After opening the show with Gotta Serve Somebody and Million Miles, and one of Dylan’s few remarks to the audience “Thanks everybody, that was a song called Million Miles,” the band raced into a hot, fast Maggie’s Farm. As he would throughout the night, Dylan picked lines, phrases and other fragments from the song, and almost turned them into micro-songs, making them stand apart, and seem like something brand new.
This is a trick available only to Dylan, because a phrase like “but she says she’s twenty-four,” bland by itself, begins to take on motto status when Dylan croons it out over the frenetic, jangling rock ‘n roll song that set the tone for the gig. Despite the immense energy of the number, the band and Dylan remained almost stoic all through it. The contrast between the aural and the ocular experience was sharp.
Tears of Rage was given the full melancholic treatment, in the most positive sense, and again the Dylan effect: making trite lines like “what kind of love is this/it goes from bad to worse” seem elegaic. The sidemen harmonized nicely, but I was clear-headed enough to notice that the harmonies weren’t coming from Manuel, Danko, Helms, and Hudson.

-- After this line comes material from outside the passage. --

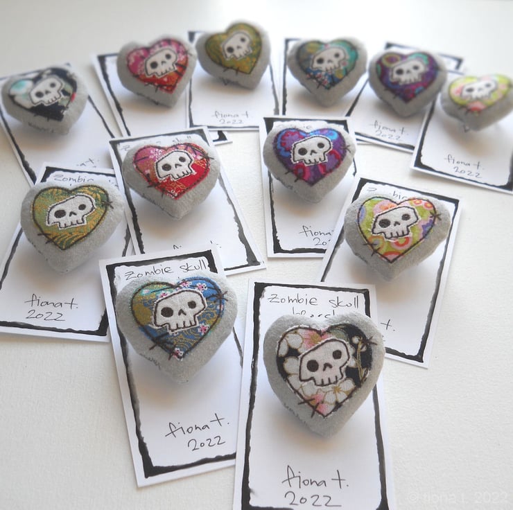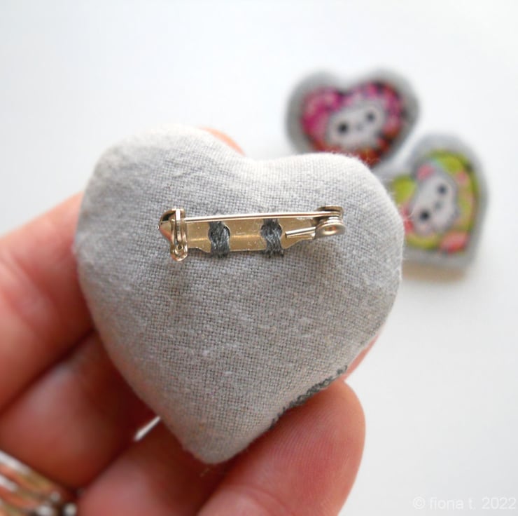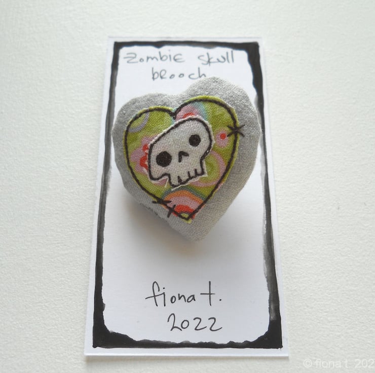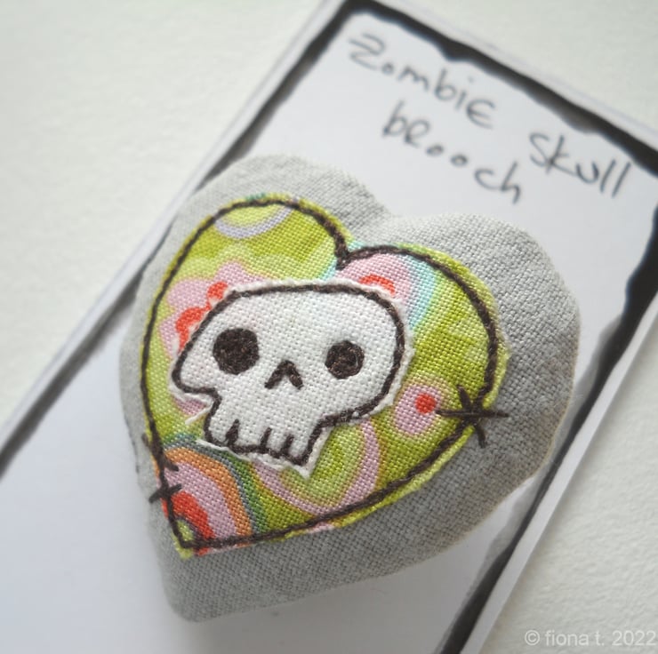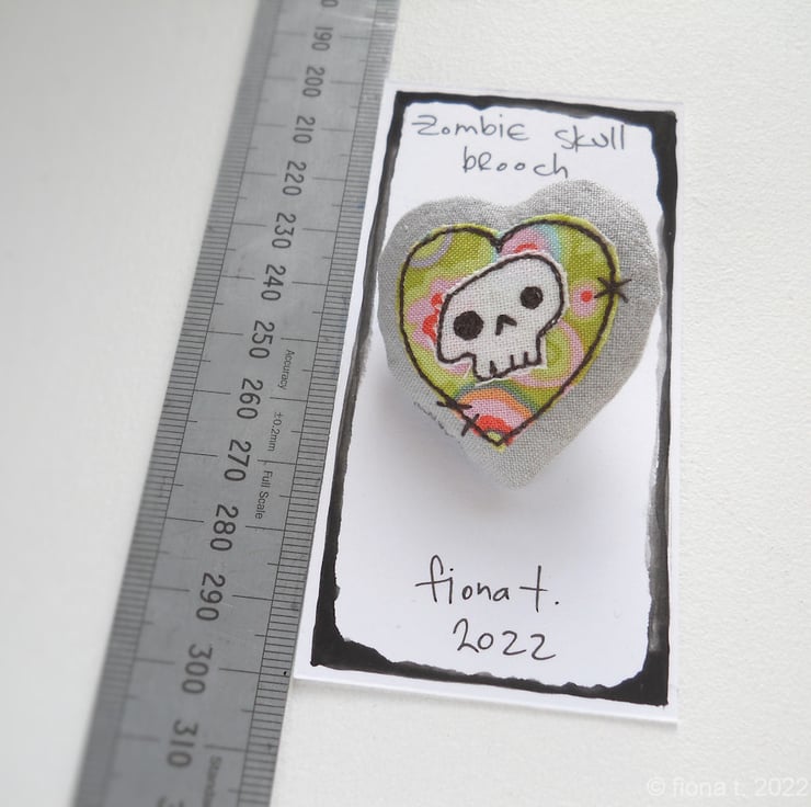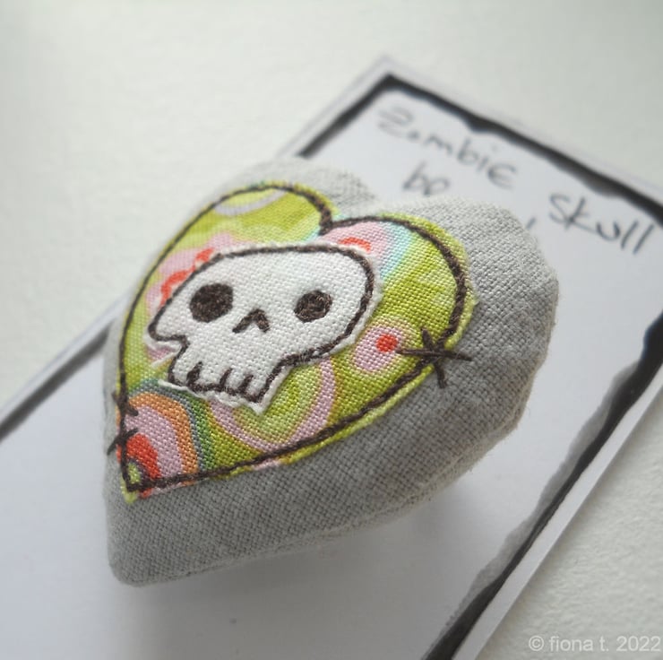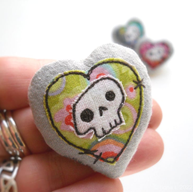 squishy skull heart fabric brooch or pin, measuring about 4cm.

Whatever wistfulness lingered was blown away by Silvio, which I hadn’t realized was such a great tune. The three guys with guitars huddled together a few times, as if spraying the audience with bullets, and Dylan added several grimace-notes with his face.
Masters of War was the coup de grace. The appearance and demeanor was of the quintessential, cool, professional musicans giving the people their money’s worth, without getting too excited about the whole thing, because it’s just another day’s work. But thanks to the material and Dylan’s deliberate delivery, the effect was stunning.
Other bright spots: Tangled up in Blue, done in Dylan’s best imitation-Dylan voice; The Times They Are a-Changin given an almost martial introduction; Dylan’s footwork – a little Fred Astaire, a little Marcel Marceau; another riposte: “Everybody’s been too kind – you really are too kind”; brilliant, throbbing Highway 61 Revisited; the two closing songs, Don’t Think Twice, It’s All Right, and Not Fade Away, sent everybody home refreshed in the knowledge that rock ‘n roll is all about romance, nothing more, nothing less.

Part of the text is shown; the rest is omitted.